Louis Aniweta

Personal information
- Full name: Louis Aniweta Ifeanyichukwu
- Date of birth: 10 July 1984 (age 41)
- Place of birth: Onitsha, Nigeria
- Height: 1.88 m (6 ft 2 in)
- Position: Defensive midfielder

Youth career
- 2001–2002: Jasper United

Senior career*
- Years: Team / Apps / (Gls)
- 2002–2003: Sporting Clube de Goa / 38 / (0)
- 2003–2004: East Bengal / 35 / (0)
- 2004–2006: Fransa-Pax FC / 38 / (0)
- 2005: → KS Skënderbeu Korçë (loan) / 33 / (0)
- 2006–2007: KS Skënderbeu Korçë / 30 / (0)
- 2007–2008: Doxa Katokopias / 23 / (1)
- 2008–2009: Alki Larnaca / 24 / (0)
- 2009–2010: Nea Salamis Famagusta FC / 20 / (0)
- 2010–2011: APOP Kinyras / 21 / (0)
- 2011–2013: APEP / 37 / (4)
- 2013–2014: Ayia Napa / 5 / (0)
- 2014: APEP / 12 / (0)
- 2015: Pafos / 3 / (0)
- 2015–2016: ENAD Polis Chrysochous / 19 / (2)

International career
- 2009–2010: Rwanda / 4 / (0)

= Louis Aniweta =

Footballer (born 1984)

Louis Aniweta Ifeanychukwu (born 10 July 1984) is a former professional footballer who played as a defensive midfielder.
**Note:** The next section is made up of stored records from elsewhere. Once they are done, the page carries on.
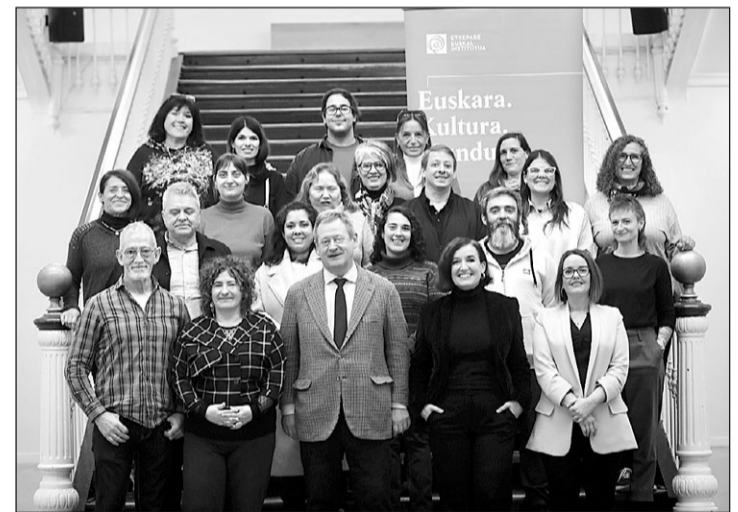
Las autoridades posan junto a los futuros profesores de euskera.

Etxepare Euskal Institutua promueve el conocimiento del euskera entre las colectividades vascas de todo el mundo a través del programa Euskara Munduan. En el marco de este programa, capacita a miembros de las euskal etxeak (centros vascos) para impartir clases de euskera en sus respectivas comunidades, con el fin de que no se pierda su transmisión.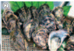
②【呉市】呉産かき ¥2,500~(時期等で変動)/呉産かき振興協議会 ☎090-4659-3414 /HP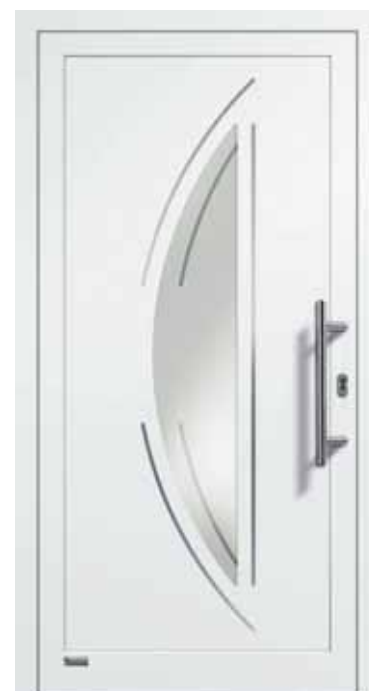
Haustürmodell „VIONA-Lisene 107“, Designglas Nr. 12 und VSG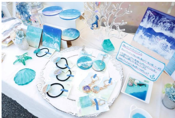
ブルーオーシャンをイメージしたレジアクセサリーなどをマルシェで販売

また、涼やかな音色とカラフルな約100個の風鈴が並ぶ夏らしいフォトスポットが8月31日(水)まで登場し、フォトジェニックな夏の思い出を彩ります。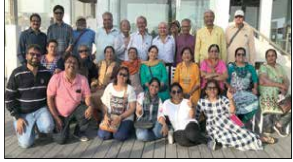
બિદડા નેચર કેમ્પ (સીઝન - ૨)માં સહભાગી થનાર જ્ઞાતિજનો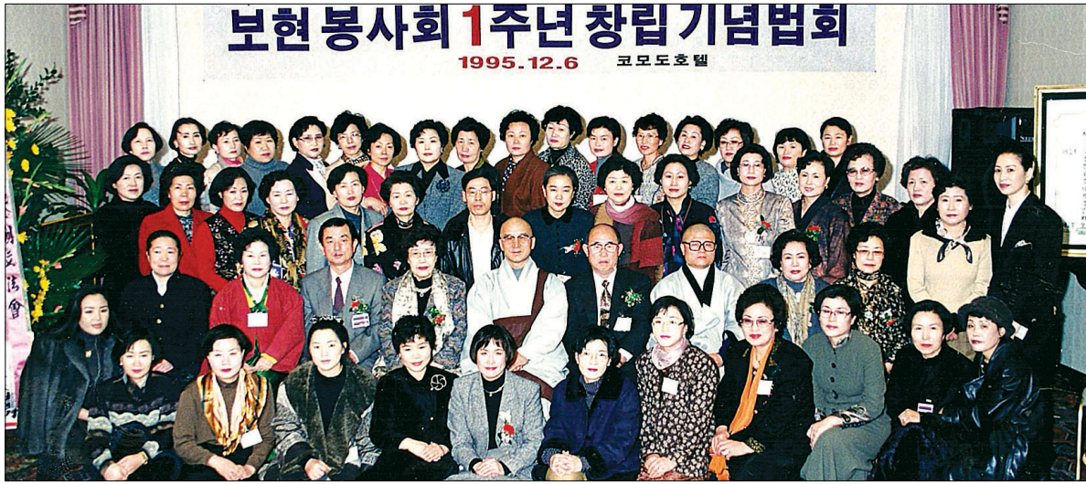
1995년 보현봉사회 창립 1주년 기념법회

Born in Nigeria, he made four appearances for the Rwanda national team in 2009–10.

==Career==
Aniweta was born in Onitsha, Anambra State, Nigeria. His previous team were Alki Larnaca and Doxa Katokopias. From 2005 to 2006 he played for KS Skënderbeu Korçë in the Albanian Superliga. Before that he played for Mohammedan AC.